Recording Guitar: To Reamp or Not.

In the beginning, electric guitars were recorded the old-fashioned way: by plugging a guitar into an amp and sticking a mic in front of it. Then re-amping came along. Re-amping is the process of recording a clean or direct guitar signal, and then applying amplifier simulation plug-ins to that signal later. It's popular among audio producers because it allows them the freedom to change the basic characteristics of the guitar's tone during mix-down. What could be cooler than that? Well....I'll tell you what.

Ain't Nothing Like the Real Thing
These days there are more ways to tweak a mix than you could ever have time for in a 1000 years, and nothing kills a song faster than tweaking a mix. Whenever I try to play it safe - create tracks that I can massage later - everything always gets worse. I get stuck in "analysis paralysis", tinkering with everything a thousand different ways like I'm George Lucas.

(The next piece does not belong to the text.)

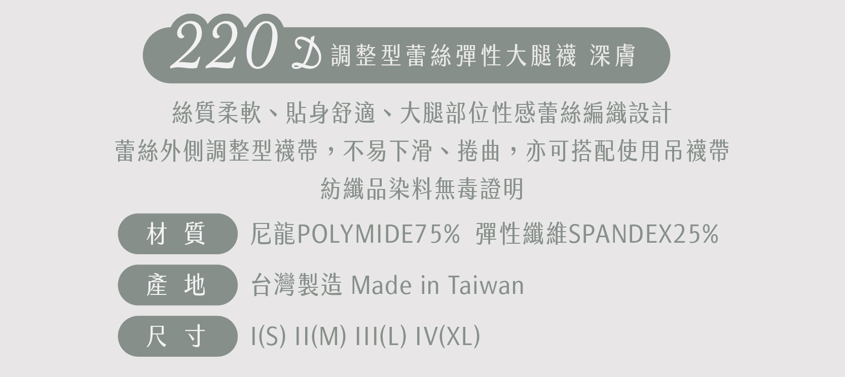 商品:【220D】調整型蕾絲彈性大腿襪-深膚(色號6)
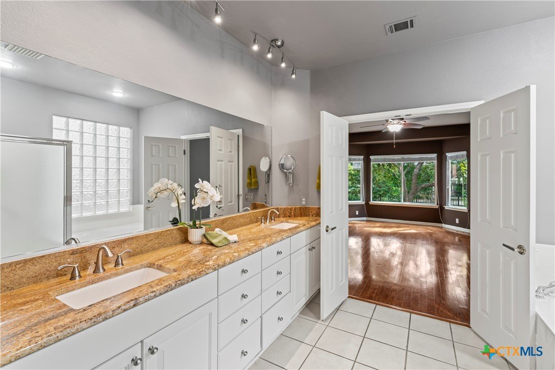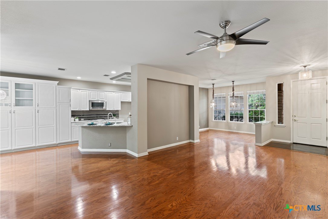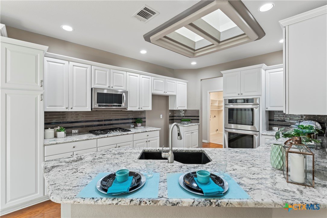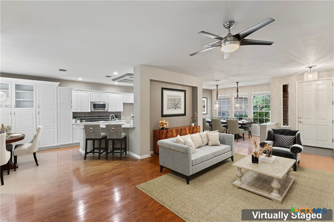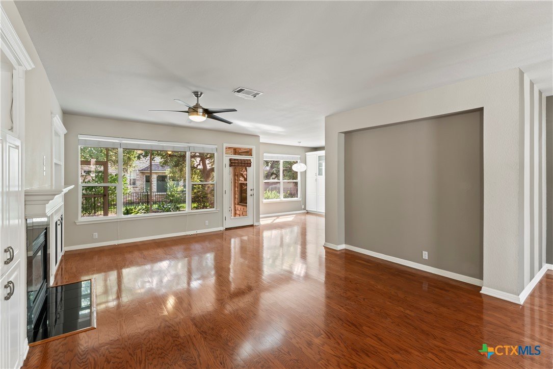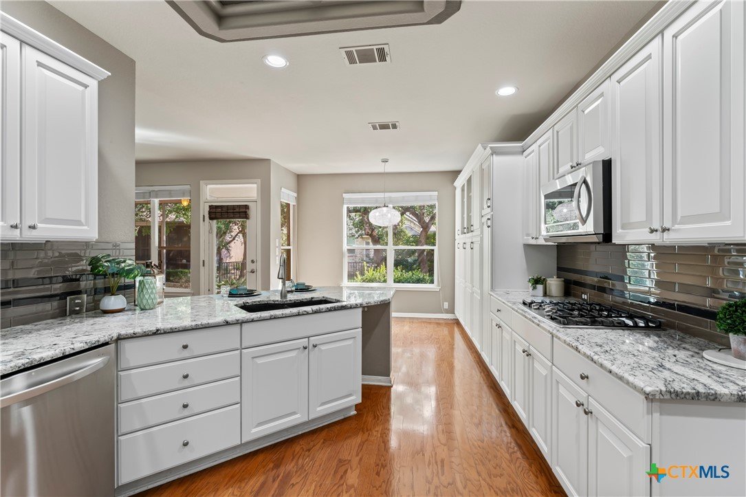 Tucked away on a peaceful street in Sun City, Texas, nestled among gorgeous oaks, your beautiful new home awaits. Featuring numerous upgrades including custom built-in cabinets, privacy blinds, built-in appliances, updated light fixtures and granite countertops. The home boasts relaxation. Make sure to check out its large screened in patio that opens out to the enchanting backyard, shaded by numerous trees. The backyard's low maintenance rock courtyard and zeroscape aesthetic are just one of the home's many added conveniences! The ample storage and Bowie floor plan make this home incredibly functional. Schedule a private showing today!

I'm not wired that way. I'm a vibe guy to the bone. I like to make decisions in the "now", while there is real energy in the air, while I'm in the zone and things feel right. I always try to get the sound I'm after straight out of the speakers and into the mic. If something comes up later, I will work with what I have and find a way around the problem. If there's no way around, I'll re-track.

Bear in mind, I'm only talking about core guitar tone here; the basic character and tone of the guitar, including overdrive and distortion. There are certain other things I always add later in the mix: a little more compression or EQ when necessary, sometimes reverb or delay. For things like chorus, vibe, or flange it really depends. When you track them live with a pedal in front of a real amp the two interact in a certain way that I don't think you can ever capture with plug-ins at mix time. Think of the flanger or phaser sounds on some of the early Van Halen tunes. I don't think you could get that tone by surgically adding a phaser in at mix time.

Get Off My Lawn
I think the idea of "real-time" decision making in audio recording is something sadly missing from much of today's music. No life, no character, no warts. It is music polished to a high gloss by teams of producers that have the talent and tools to make every beat and measure unattainably and artificially perfect. I prefer to take the opposite tack: make real music. Commit. Take chances, and move forward boldly instead of constantly playing it safe and hedging your bets.

Too much of what we hear on the radio today is audio plastic. It is music performed by machines. And while a machine might be able to create a more perfect Mona Lisa, it can never reach out and paint a mustache on her. That's what artists do.